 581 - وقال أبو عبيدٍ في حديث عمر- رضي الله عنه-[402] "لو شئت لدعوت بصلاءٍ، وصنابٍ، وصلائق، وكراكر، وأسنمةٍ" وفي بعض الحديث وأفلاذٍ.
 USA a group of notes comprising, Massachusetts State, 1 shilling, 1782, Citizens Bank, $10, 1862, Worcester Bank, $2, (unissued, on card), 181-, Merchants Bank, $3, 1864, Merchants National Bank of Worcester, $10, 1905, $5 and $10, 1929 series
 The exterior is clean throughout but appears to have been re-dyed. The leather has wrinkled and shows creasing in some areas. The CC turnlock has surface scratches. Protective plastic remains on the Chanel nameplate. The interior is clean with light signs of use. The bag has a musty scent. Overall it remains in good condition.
---
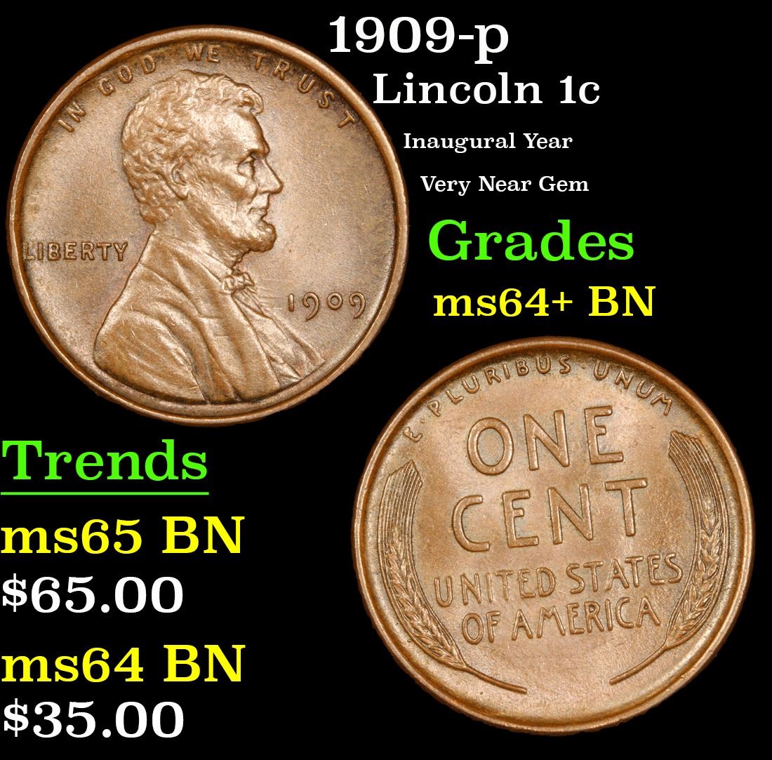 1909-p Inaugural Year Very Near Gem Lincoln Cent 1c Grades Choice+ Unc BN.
---
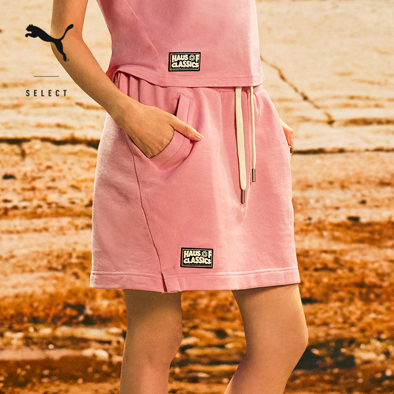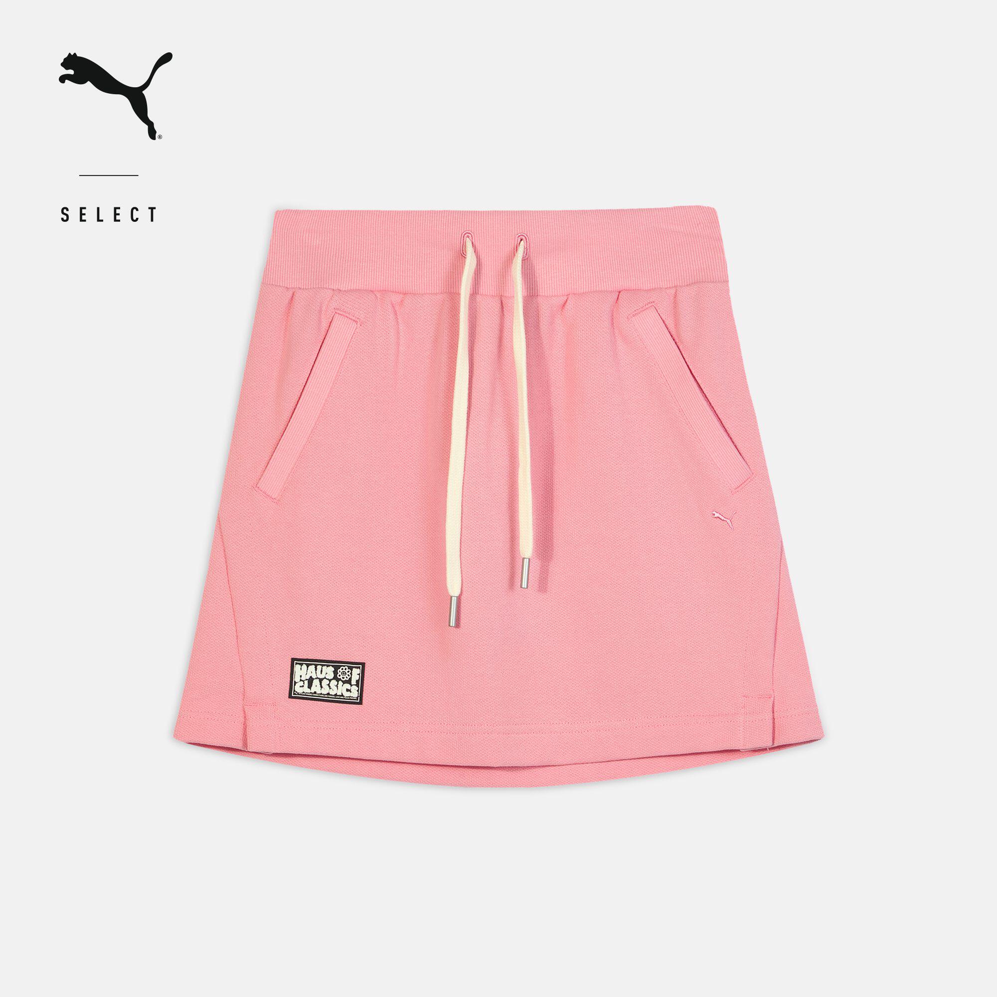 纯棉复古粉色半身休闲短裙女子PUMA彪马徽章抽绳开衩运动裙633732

> _Action item_: Copy out the range of lines above starting at the line with "581 - وقال أبو" and ending at the line with "The exterior is", exactly and including both.

> _Written reply_:
 581 - وقال أبو عبيدٍ في حديث عمر- رضي الله عنه-[402] "لو شئت لدعوت بصلاءٍ، وصنابٍ، وصلائق، وكراكر، وأسنمةٍ" وفي بعض الحديث وأفلاذٍ.
 USA a group of notes comprising, Massachusetts State, 1 shilling, 1782, Citizens Bank, $10, 1862, Worcester Bank, $2, (unissued, on card), 181-, Merchants Bank, $3, 1864, Merchants National Bank of Worcester, $10, 1905, $5 and $10, 1929 series
 The exterior is clean throughout but appears to have been re-dyed. The leather has wrinkled and shows creasing in some areas. The CC turnlock has surface scratches. Protective plastic remains on the Chanel nameplate. The interior is clean with light signs of use. The bag has a musty scent. Overall it remains in good condition.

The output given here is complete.